Introduction
Laryngeal cancer is the most common malignancy of
the throat in China. At present, the incidence rate of laryngeal
cancer is increasing significantly, accounting for 5.7–7.6% of all
malignant tumors in the northeast areas of China (1). A number of hypotheses regarding the
pathogenesis of laryngeal carcinoma exist: Smoking, alcohol
consumption, air pollution and viral infection are considered the
main risk factors (2). Due to the
anatomical site of the larynx, patients often mistake hoarseness
and other clinical symptoms of the disease as an upper respiratory
tract infection or symptom of voice overuse, which results in
negligence of the illness (3).
Supraglottic cancer and subglottic cancer exhibit no specific
symptoms at the primary stages and thus, early diagnosis is
difficult, which results in the majority of cases being diagnosed
at late and terminal stages (4). Due
to recent advances in minimally invasive surgery, radiotherapy,
chemotherapy, concurrent radiochemotherapy, biological therapy and
other comprehensive treatment modalities, patient survival times
have increased and patient quality of life has improved (5). However, the high rates of relapse and
metastasis of laryngeal cancer in addition to chemotherapy
resistance lead to poor treatment outcomes (6,7). Thus, to
investigate and develop novel targeted treatments for cancer,
laryngeal cancer must be investigated from a novel perspective.

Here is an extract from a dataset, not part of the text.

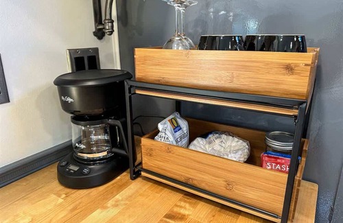 A few steps away, you'll find a beautifully designed private bathroom / laundry room in a separate building, offering modern fixtures and a spacious shower, maintaining the balance between rustic charm and contemporary convenience. Despite that, there is a tiny bathroom inside the caboose for your comfort. There is a beautiful deck on the side to enjoy the sunshine.

Effective cancer treatments aim to eradicate the
majority of differentiated tumor cells, as well as tumor stem
cells, which have potential to proliferate and differentiate
(8). However, traditional therapies,
including radiotherapy, chemotherapy and immunotherapy, kill
differentiated tumor cells but not tumor stem cells, which results
in the development of tumor cell resistance to treatment and
subsequent relapse (9). Ideally,
treatments should kill differentiated tumor cells without causing
damage to other cell types, which requires the identification of
specific cell markers, genes and signal transduction pathways
associated with cancer that may be used as therapeutic targets to
improve the efficacy of tumor treatment (10).

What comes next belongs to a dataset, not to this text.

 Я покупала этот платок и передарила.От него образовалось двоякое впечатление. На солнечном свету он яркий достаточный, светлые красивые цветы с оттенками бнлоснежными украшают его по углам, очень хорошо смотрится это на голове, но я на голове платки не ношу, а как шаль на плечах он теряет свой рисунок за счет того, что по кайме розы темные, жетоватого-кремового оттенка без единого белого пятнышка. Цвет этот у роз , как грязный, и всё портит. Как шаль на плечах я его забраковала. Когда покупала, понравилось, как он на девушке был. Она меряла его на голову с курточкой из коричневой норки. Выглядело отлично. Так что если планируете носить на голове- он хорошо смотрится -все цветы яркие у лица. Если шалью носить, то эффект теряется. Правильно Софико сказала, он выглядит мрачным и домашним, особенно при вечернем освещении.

Xanthohumol is a flavonoid compound obtained from
hops resin (11). It exhibits
numerous biological properties, including anti-inflammation and
anti-infection effects and has been demonstrated to inhibit the
growth and proliferation of microorganisms (12). Recent studies investigating
xanthohumol have predominantly focused on the prevention and
treatment of cancer (13,14). Studies have demonstrated that
xanthohumol inhibits tumor cell growth of colon cancer, prostate
cancer, cervical cancer, liver cancer and leukemia cells (15–17).
Therefore, the aim of the present study was to investigate the
effect of xanthohumol on the proliferation of human laryngeal
squamous cell carcinoma. The results of the present study may
indicate whether xanthohumol presents a potential drug for the
treatment of human laryngeal squamous cell carcinoma and may also
provide information regarding potential molecular mechanisms of the
disease.
Materials and methods
Cell and reagents
The human laryngeal squamous cell carcinoma SCC4
cell line was obtained from Shanghai Jiao Tong University
Affiliated Sixth People's Hospital (Shanghai, China). Dulbecco's
modified Eagle's medium (DMEM), penicillin and streptomycin were
purchased from Gibco (Thermo Fisher Scientific, Inc., Waltham, MA,
USA). Fetal bovine serum (FBS) was obtained from Gibco (Thermo
Fisher Scientific, Inc.). Xanthohumol (Fig. 1) and 3-(4,5-dimethylthiazol-2-yl)-2,
5-diphenyltetrazolium bromide (MTT) were purchased from
Sigma-Aldrich (Merck Millipore, Darmstadt, Germany). Annexin
V-fluorescein isothiocyanate (FITC)/propidium iodide (PI) staining
kit was obtained from BestBio (Shanghai, China).
Cell culture
The SCC4 cell line was cultured in DMEM supplemented
with 10% FBS, 100 U/ml penicillin and 100 U/ml streptomycin in a
humidified atmosphere with 5% CO2 at 37°C. The complete
medium was changed every 2–3 days.
Proliferation assay
SCC4 cells (1×105/well) in the
logarithmic growth phase were seeded in 96-well microplates. The
medium was replaced with DMEM containing 0, 10, 20, 30, 40 or 50 µM
xanthohumol and the cells were cultured for 72 h, after which 200
µl MTT (0.5 mg/ml; Sigma-Aldrich) was added to each well. Following
incubation at 4°C, 150 µl DMSO was added and the absorbance was
measured using a spectrophotometer (Infinite® 200 PRO;
Tecan, San Jose, CA, USA) at a wavelength of 540 nm.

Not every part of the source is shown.